START Given data
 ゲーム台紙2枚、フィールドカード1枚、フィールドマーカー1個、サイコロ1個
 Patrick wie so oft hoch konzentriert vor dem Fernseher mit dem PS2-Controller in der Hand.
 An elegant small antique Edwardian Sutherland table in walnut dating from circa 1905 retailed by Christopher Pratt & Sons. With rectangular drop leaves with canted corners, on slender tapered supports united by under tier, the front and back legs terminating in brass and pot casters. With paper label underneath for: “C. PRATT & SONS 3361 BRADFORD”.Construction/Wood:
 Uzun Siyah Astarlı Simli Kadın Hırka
END Given data
START Given data
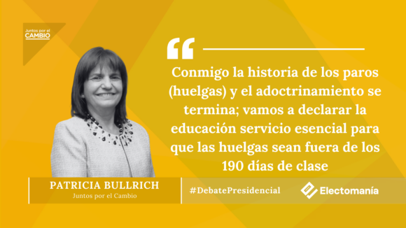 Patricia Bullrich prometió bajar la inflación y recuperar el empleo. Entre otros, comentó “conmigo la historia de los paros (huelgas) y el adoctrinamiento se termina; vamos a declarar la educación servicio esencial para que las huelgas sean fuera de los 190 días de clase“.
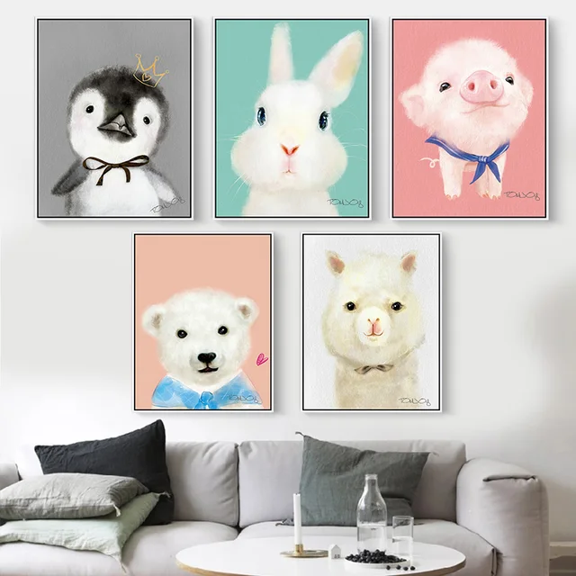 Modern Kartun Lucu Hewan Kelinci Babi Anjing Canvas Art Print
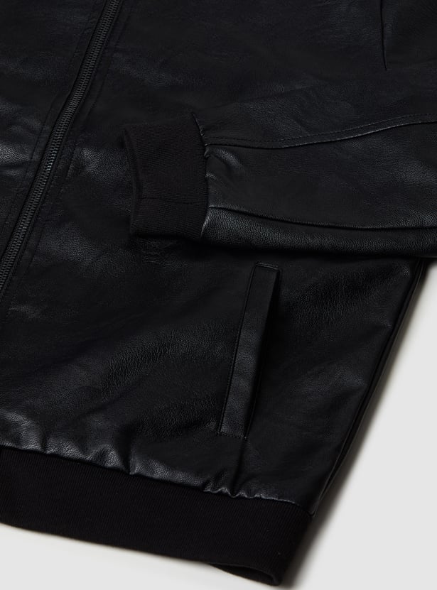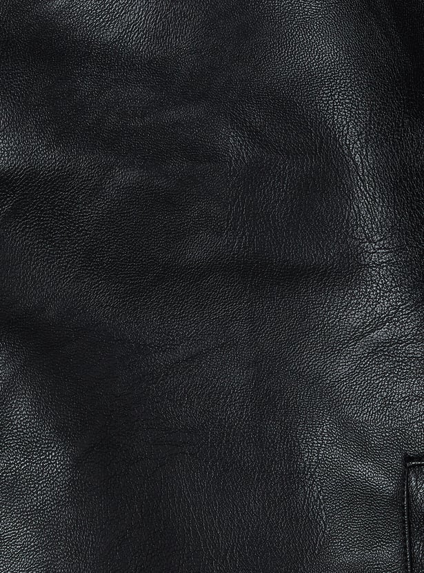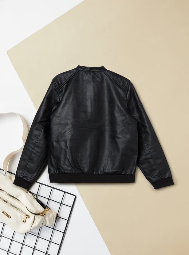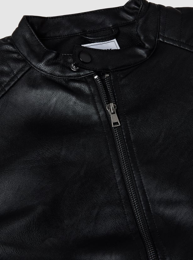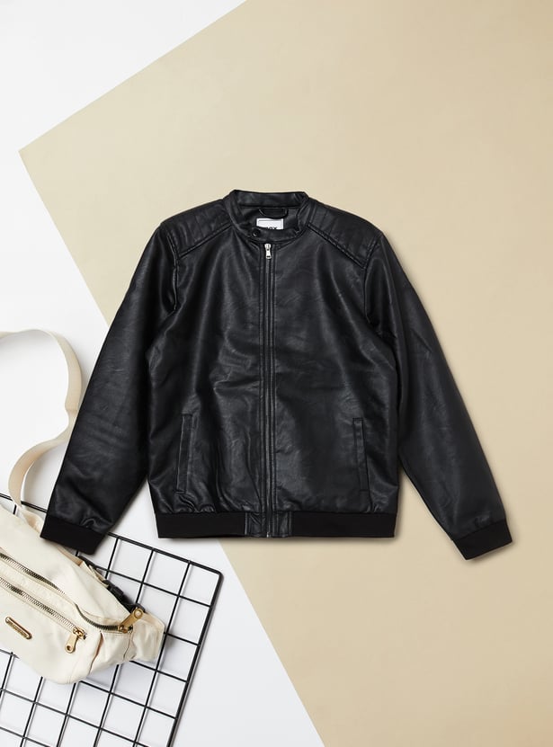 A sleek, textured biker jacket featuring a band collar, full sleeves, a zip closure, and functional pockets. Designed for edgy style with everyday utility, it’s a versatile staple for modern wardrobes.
END Given data
Retype only the stretch of lines above starting at the one with "Patrick wie so" and stopping at the one with "An elegant small", exactly as written, with both kept.

Output for this exercise:
 Patrick wie so oft hoch konzentriert vor dem Fernseher mit dem PS2-Controller in der Hand.
 An elegant small antique Edwardian Sutherland table in walnut dating from circa 1905 retailed by Christopher Pratt & Sons. With rectangular drop leaves with canted corners, on slender tapered supports united by under tier, the front and back legs terminating in brass and pot casters. With paper label underneath for: “C. PRATT & SONS 3361 BRADFORD”.Construction/Wood:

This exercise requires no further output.